Such innocence. Such sweetness. What joy and beauty to behold in the face of the newborn baby as his parents cradled him in their shaking arms. The responsibility to raise and care for the Son of God must have weighed so heavily on their hearts that first Christmas morning.
For four-thousands years, the prophecy was told to dark and war-laden lands: “The kingdom of God is coming.” Hearts and minds were strengthened. Hope was palpable. Other kings had failed, but One was coming that would ultimately succeed and reign in victory – forever. Eager eyes were on guard, watching.
For four-hundred years, heaven and earth were silent, as if the prophecies foretold in previous generations were simply the stuff of legends and myth. There were no more prophets. No words of the promised coming kingdom. Dejected eyes scanned the horizon only to view a world of pain and suffering. Feeble. Helpless. Hopeless.
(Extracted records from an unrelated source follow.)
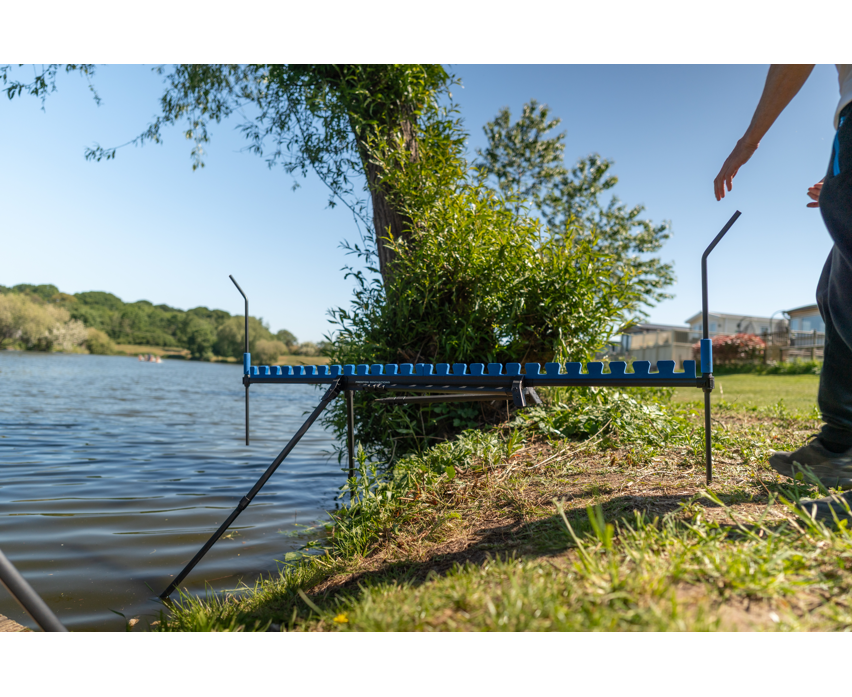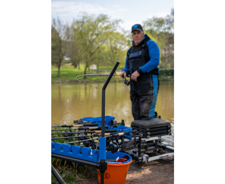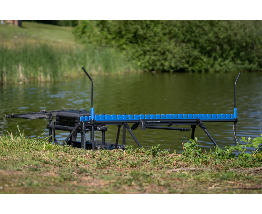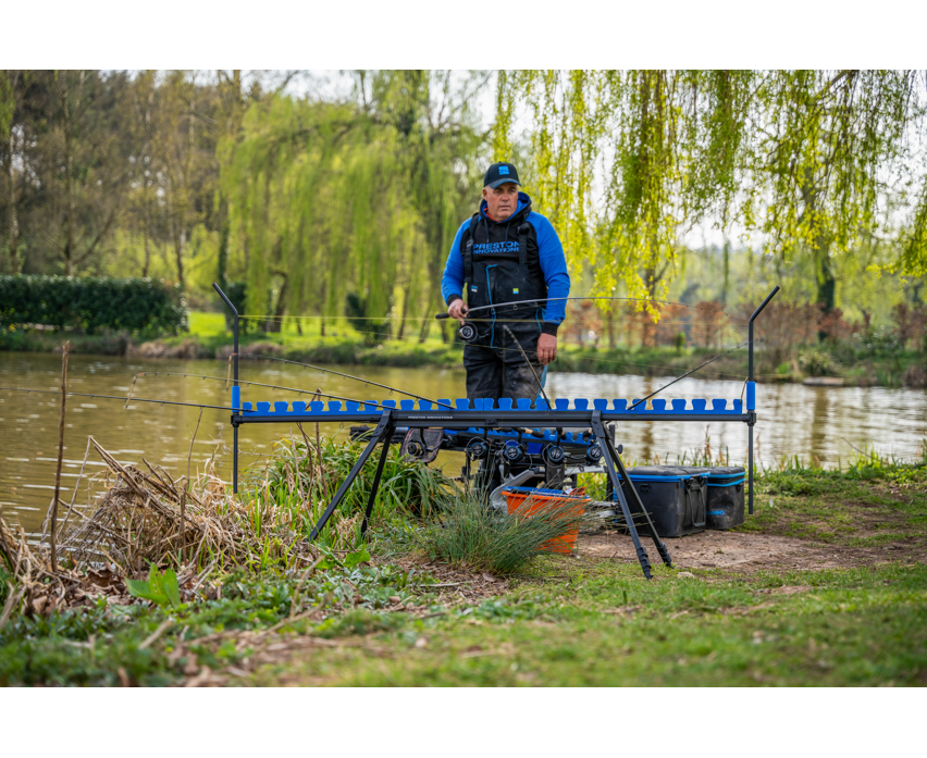 Un soporte multiusos, diseñado para albergar una gran cantidad de cañas o kits de pesca de alta gama, con la ventaja adicional de contar con varillas de distancia integradas. Con una longitud exacta de 2 m, estas varillas permiten al pescador medir con precisión su distancia sin tener que abandonar su asiento. También son ideales cuando el terreno impide el uso de varillas de distancia tradicionales.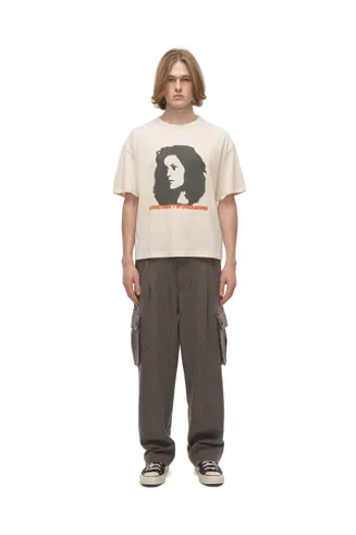 Крой свободный, расслабленный, слегка расширенный и укороченный, гендерно универсален. Особое внимание уделено обработке горловины и низа рукавов — срезы аккуратно окантованы, скрывая припуски и обеспечивая комфорт при носке.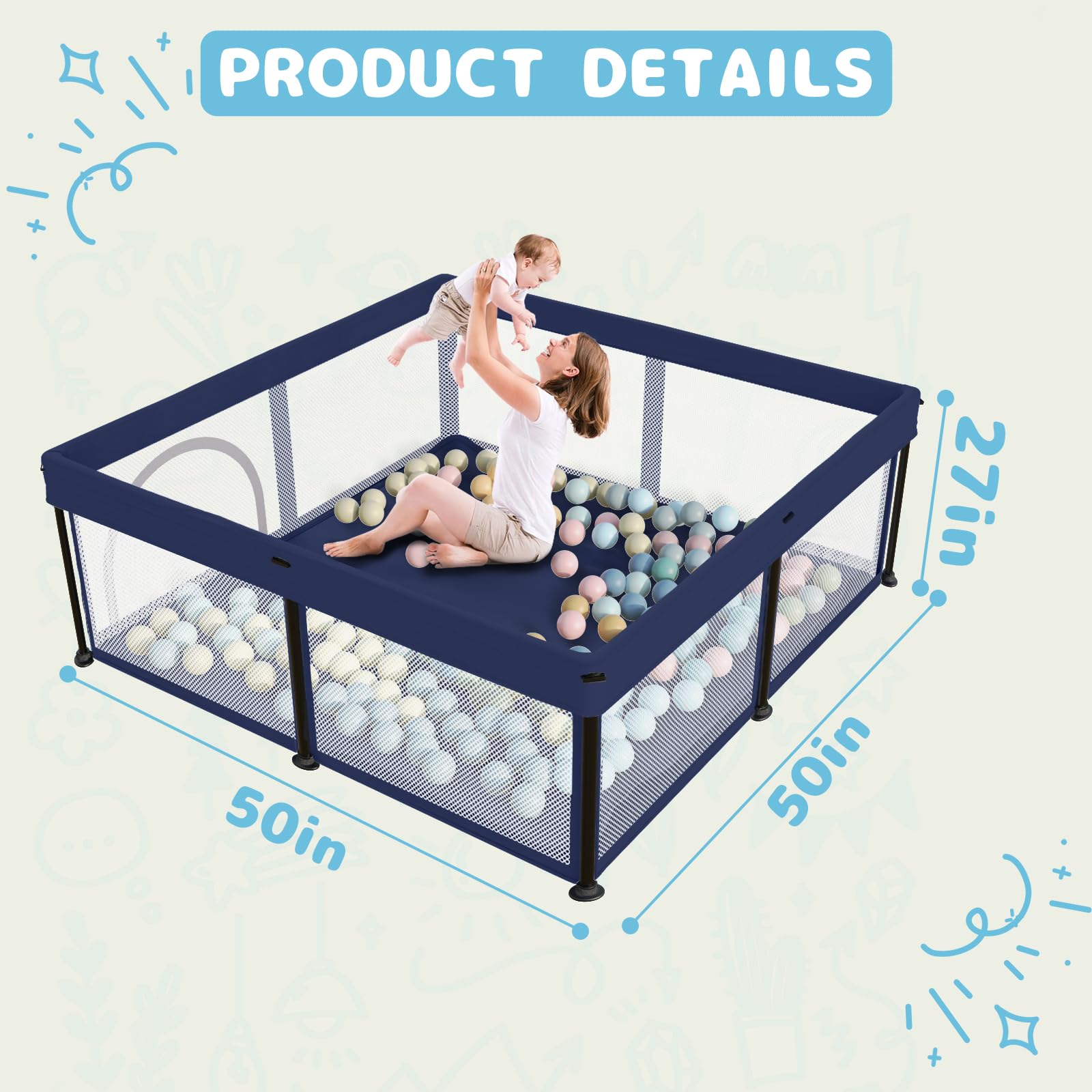 【LARGE PLAY AREA】Our playpen for babies and toddlers extends to 50 "x50 "x27", plenty of space for baby to crawl, play and read with baby, giving baby room to use their imagination. Meanwhile, our baby playpen foldable is all wrapped with soft cloth, there is no danger of pinching. You can let your child enjoy playing in this center.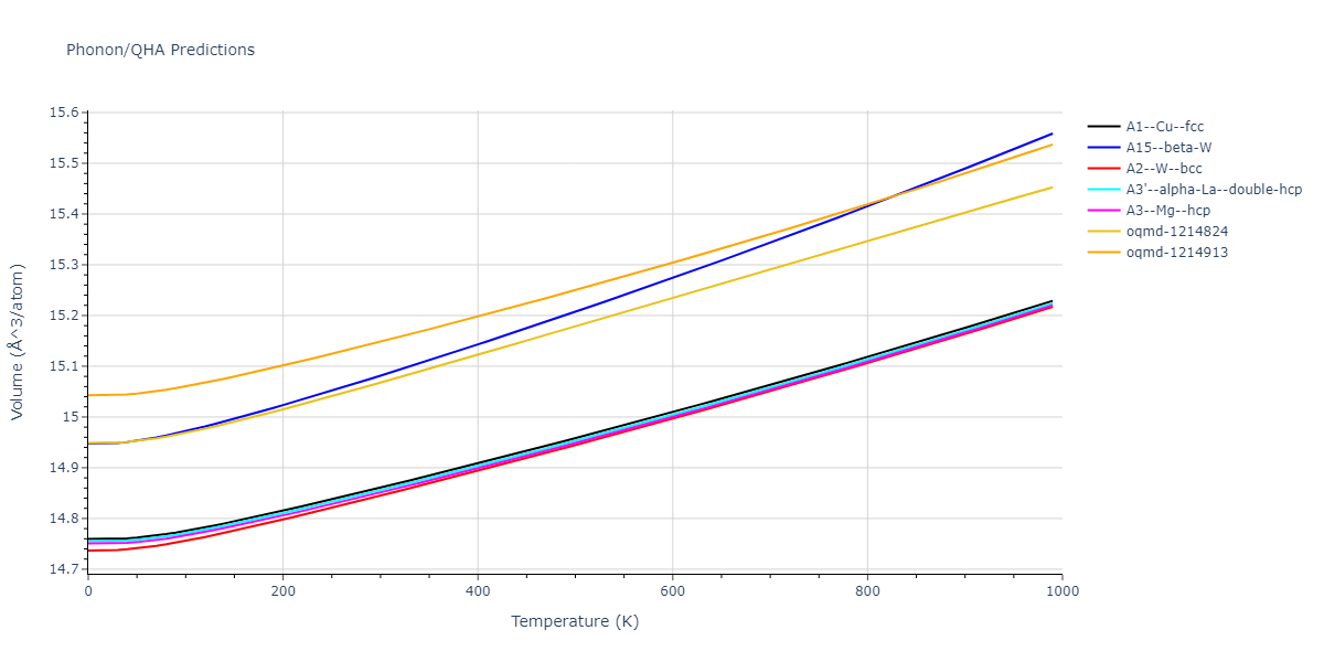 Phonon band structures and crystal properties estimated from quasi-harmonic approximation (QHA) calculations are displayed for select crystals. The calculations were performed using phonopy and LAMMPS. For the phonon calculations, 3x3 supercells of the potential-specific relaxed crystals were used. The QHA calculations were based on 11 strain states ranging from -0.05 to 0.05.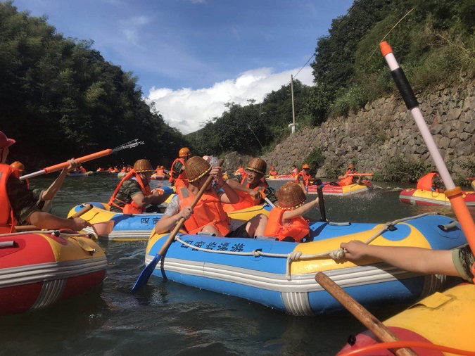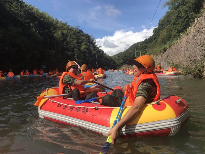 乘着一个无动力的小舟荡漾在激流的小河中,感受人类最原始的涉水方式,面对湍流的河水和刺激的落差,简直让人又爱又怕。清凉,欢乐,也是一次亲近自然之旅。我们的欢笑声在这峡谷中回荡。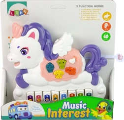 Interaktivno piano Jednorog pažljivo je izrađeno od kvalitetnih materijala i nudi razne funkcije koje će zainteresirati svako dijete. Zahvaljujući prekrasnom dizajnu jednoroga s ljubičastom grivom i svjetlećim elementima privlači pažnju i motivira za istraživanje svijeta zvukova.

Then, “in the bleak midwinter, as the earth stood hard as iron”, suddenly, yet quietly – there. A baby was born. Not just any baby though. A king. THE King. Yet there was no one awaiting his arrival besides Mary and Joseph. No fan-fare. No celebratory decorations. No imperial infant-sized robes. No royal crown or a king’s ring.
But there was proclamation. Shepherds who were on their guard to protect their sheep from hungry wolves listened intently as the wind whistled through the grass in their fields. They squinted their eyes to clarify any shadowed shapes in the dark seemingly moving toward their flocks, their crooked wooden staff at the ready. They peered at the sky as the moon slowly emerged from behind hazy clouds. The stars became ever brighter as suddenly an angel appeared as the veil between heaven and earth was lifted. The shadows of darkness were pierced as the glory of the Lord surrounded the shepherds, and the four-hundred-year-long silence was shattered as the angel announced the birth of a Savior, the King, to men now frozen in terror. The fear melted and gave way to awe as an army of angels joined the first as they continued the proclamation of the glory of God, peace on earth, and good will toward men. The darkness of night returned when the angels left their sight as quickly as they came. The shepherds set out to find this newborn King, and upon finding him, beheld God’s glory again in the face of a baby.
This birth was unlike any other. This birth was not a mere king of men, despite His entrance in a stable instead of a palace. No. This was the birth of Immanuel. The name means “God with us.” This baby was not just the son of God. He was God incarnate. The prophesied hope of the world was now in tangible form. God, who is spirit, took on flesh in the person of Jesus Christ, whose first earthly bed was a manger, with blankets of fabric and straw. Jesus set aside His glorious heavenly throne to enter an undignified world in the squalor of a borrowed stable. He lived 33 short years as a divinely perfect man among earthly, unholy people who regarded this King as unremarkable, mysterious, and offensive. The coronation of this King fitted his blood-stained brow with a crown of thorns, nail-pierced hands instead of a ring upon his finger, thread-bare coverings instead of royal robes, and his beaten, broken body a most undignified ascension to the throne of a wooden cross adorned with a crude sign, a pedestal for dirty, bare feet, and jagged splinters suited for a dishonorable thief.
Immanuel, God in the flesh, gave of Himself in the person of Jesus Christ to save His people from their sin by dying an unimaginable death on a cross, a death reserved only for the most scandalous and vile creatures of men. He rose from the grave to conquer death eternally so that all those who believe in Him and confess Him as Lord may live in the presence of His glory forever. And He ascended back into heaven where He sits enthroned as King, awaiting the consummation of all of creation.
The kingdom of God has indeed come, just as it was prophesied thousands of years ago, but it is not yet complete. The consummation of this kingdom is still to come when Christ returns to reign over His cosmic creation where all things will be made new. Where the twinkling lights of Christmas trees today become mere shadows of the past that once reminded the broken, hurting, and grieving of the glory that was to be revealed in its entirety. All darkness will be dispelled. All health and abilities will be restored in bodies of glory. All wrong will be made right. All brokenness will be made whole. All tears will be dried. Where there is mourning, sorrow, and grief, there will be only joy and peace. The aching souls and longing of our hearts for home – our true home – will be fulfilled. Forever.
Oh friends, may there be joy and happiness as you celebrate this birthday of the King. But though your Christmas morning may not shine as brightly as it once did, or as you once thought it would, see the celebration for what it is instead of what it isn’t. Lift up dejected eyes of grief or disappointment and see the glory revealed in Jesus our King.
This is a usually forgotten verse from one of my favorite Christmas songs, “O Little Town of Bethlehem”:
Where children pure and happy pray to the blessèd Child,
Where misery cries out to Thee, Son of the mother mild;
Where charity stands watching and faith holds wide the door,
The dark night wakes, the glory breaks, and Christmas comes once more.